Precision: Precision is about being precise i.e. How precise your model is. In other words, you can say, when a model makes a prediction, how often it is correct. In your prediction case, when your Logistic Regression model predicted patients are going to suffer from diabetes, that patients actually have 76% time.
Recall: If there are patients who actually have diabetes in the test set and your Logistic Regression model is able to identify it 58% of the time.
The Receiver Operating Characteristic(ROC) curve is a plot of the true positive rate against the false-positive rate. It shows the tradeoff between sensitivity and specificity.
y_pred_proba = logreg.predict_proba(X_test)[::,1]
fpr, tpr, _ = metrics.roc_curve(y_test, y_pred_proba)
auc = metrics.roc_auc_score(y_test, y_pred_proba)
plt.plot(fpr,tpr,label="data 1, auc="+str(auc))
plt.legend(loc=4)
plt.show()
The AUC score for the case is 0.86. AUC score 1 represents a perfect classifier and 0.5 represents a worthless classifier.
Because of its simple and efficient nature, doesn’t require high computation power, easy to implement, is easily interpretable, used widely by data analysts and scientists. Also doesn’t require scaling of features. Logistic regression provides a probability score for observations.
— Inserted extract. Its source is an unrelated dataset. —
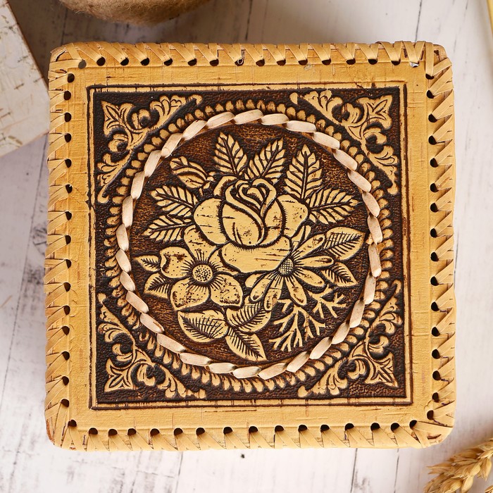 Шкатулка «Розочка», 15×15×7 см, береста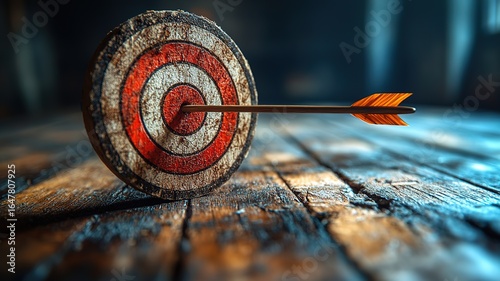 Archery Bullseye with Arrow on Textured Wood Floor, Dark Blue Background Business Precision Concept and Copy Space

Logistic regression is not able to handle a large number of categorical features/variables. It is vulnerable to overfitting. Also, can’t solve the non-linear problem with the logistic regression which is why it requires a transformation of non-linear features. logistic regression will not perform well with independent variables that are not correlated to the target variable and are very similar or correlated to each other.
In this tutorial, you covered a lot of details about Logistic Regression. you have learned what is logistic regression, how to build respective models, how to visualize results, and some of the theoretical background information. Also, you covered some basic concepts such as the sigmoid function, maximum likelihood, confusion matrix, ROC curve.
Hopefully, you can now utilize the Logistic Regression technique to analyze your own datasets. Thanks for reading this tutorial!